Rebel Galaxy Review: Wild West… IN SPACE
What’s this? A space game where I can shoot stuff up while redneck rock is blaring in the background? Sign me up!
Rebel Galaxy is an open-world real-time-action space game with trading, combat, factions, and a prominent Wild-West-in-Space atmosphere. Think if someone had Elite: Dangerous and Firefly fused together and you’d get Rebel Galaxy.
Only this game is less about space simulation or exploring the grim aspects of society in a galaxy with as many rules and law enforcement as the Wild-West, and more like mindless arcady fun to blow off steam while you choose whether to go bounty hunting for outlaws, become an outlaw yourself, mine asteroids, do honest trading, or look for your missing family member in the main quest.
Gameplay
First things first: the game has a 2D navigation system. It threw me off guard too, I mean a 2D navigation system in a modern 3D Space Combat game? Why?! After some time I realized that the reason might be the combat, which actually plays more like Naval combat at sea rather than a dogfight in space. There are two types of spaceships: Capital ships and Gunships. Capital ships are the big fellers you’ll mostly concentrate on during battles and the only playable ship type. They’re like the main course of a meal, and they have the same horizontal-only movement as the player.
Gunships are the pesky little one-person spacecrafts that fly around, backing the enemy Capital ships. They’re weak individually, but they’re strong in swarms. (Gunships almost always come in swarms). They might as well be flies attracted to the main meal because unlike you, or the other Capital ships in the game, Gunships fly around freely horizontally and vertically.
This brings us to the combat, Naval Combat is the best way to describe Capital ship VS. Capital ship fights, because you’re literally firing broadsides laser cannons as you try to maneuver to aim your broadsides at the enemy while they do the same. Then it’s all unleashed laser cannon hell upon both sides’ hulls. It’ll be hard to aim broadsides while fighting Gunships because they can be above or under you during combat. For that reason, even your starting ship is equipped with at least one turret that is not limited like the broadsides.
These turrets can aim anywhere (Including your own hull, at the right angle. So careful when firing them manually. The AI knows to not target your own ship). All turrets can be set to fire automatically, targeting and firing whenever an enemy is nearby.
You can either set the AI as you please or fire your turrets manually. But I found that handling my broadsides manually (since they don’t have AI) while my turrets aim and fire at Gunships far better than I could hope for manually, is far more effective. In Rebel Galaxy, you can earn credits doing various activities because everyone needs money for food and better, bigger ships, right?

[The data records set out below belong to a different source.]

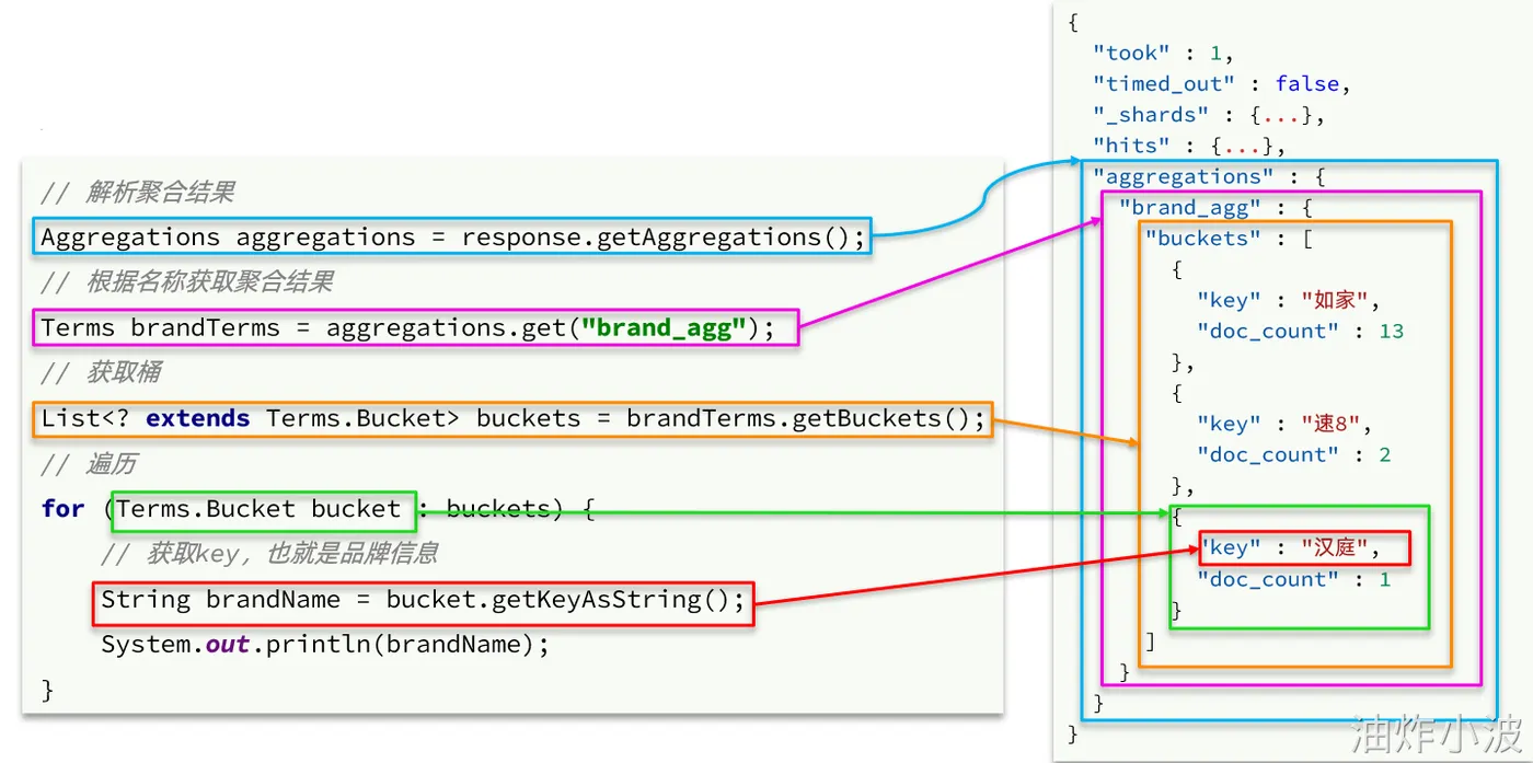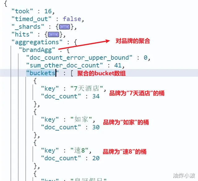 聚合的结果也与查询结果不同,API也比较特殊。不过同样是JSON逐层解析: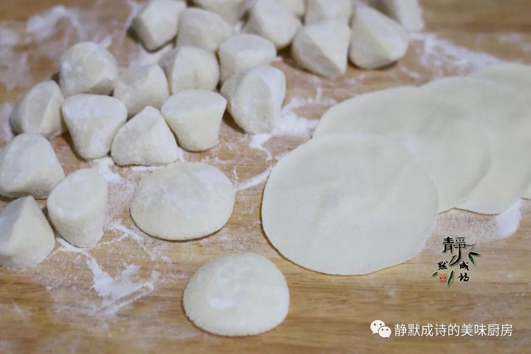 6、然后撒上些干面粉防止粘连,把小剂子按扁,擀成中间略厚边缘略薄的饺子皮。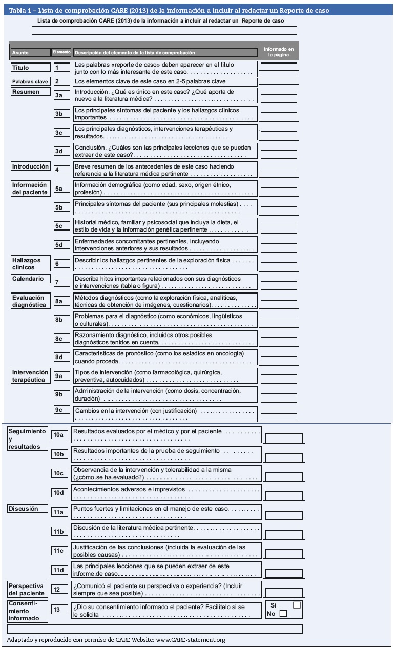 Con respecto a CARE, la RCA busca mejorar también la calidad de los reportes de casos clínicos. Para tal fin, en la tabla 1 se presenta la lista de comprobación modificada de CARE-2013, recientemente adoptada por otras revistas a nivel mundial. Dicha lista da a conocer los elementos que son necesarios para explicar mejor el problema que abarca el estudio y su posible solución. Las guías que adopta la RCA deben tomarse como una oportunidad para mejorar la calidad y la cantidad de información documentada, que su vez permitirán evaluar mejor las deficiencias y las fortalezas del estudio presentado.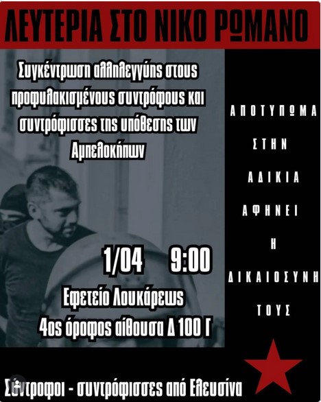 Η δίκη της υπόθεσης των Αμπελοκήπων, έρχεται να προστεθεί σε μια σειρά από δίκες στις οποίες μοιάζει να διακυβεύεται κάτι μεγαλύτερο από αθώους κι ενόχους. Φαίνεται μικρότερης εμβέλειας, όμως έτσι όπως προσωποποιείται στον Ρωμανό (χωρίς να εξαντλείται σε εκείνον) έχει κι αυτή τη σημασία της για το δημόσιο συμφέρον, μαζί με τις δίκες των Τεμπών, του ΟΠΕΚΕΠΕ, των υποκλοπών και φυσικά της Χρυσής Αυγής που ολοκληρώθηκε πριν λίγες εβδομάδες.

There’s actually a whole lot you can do to earn money. Trading honestly (or smuggling contraband), bounty hunting, random side questing, asteroid mining, good ol’ space piracy, hacking abandoned satellites to gain the whereabouts of secret loot, finding new areas like asteroid belts or nebulae and getting an “exploring bounty”, answering distress beacons and hope the trader you helped out of a pickle rewards you (they usually do), or just fighting ships to no end and hope they drop good loot- you get the point. You choose what kind of spacefarer you want to be; A sneaky miner who’s pirating on the side? A notorious pirate with a heart of gold, responding to each distress call? Or a bloodthirsty bounty hunter who’s in it for sport? Your call.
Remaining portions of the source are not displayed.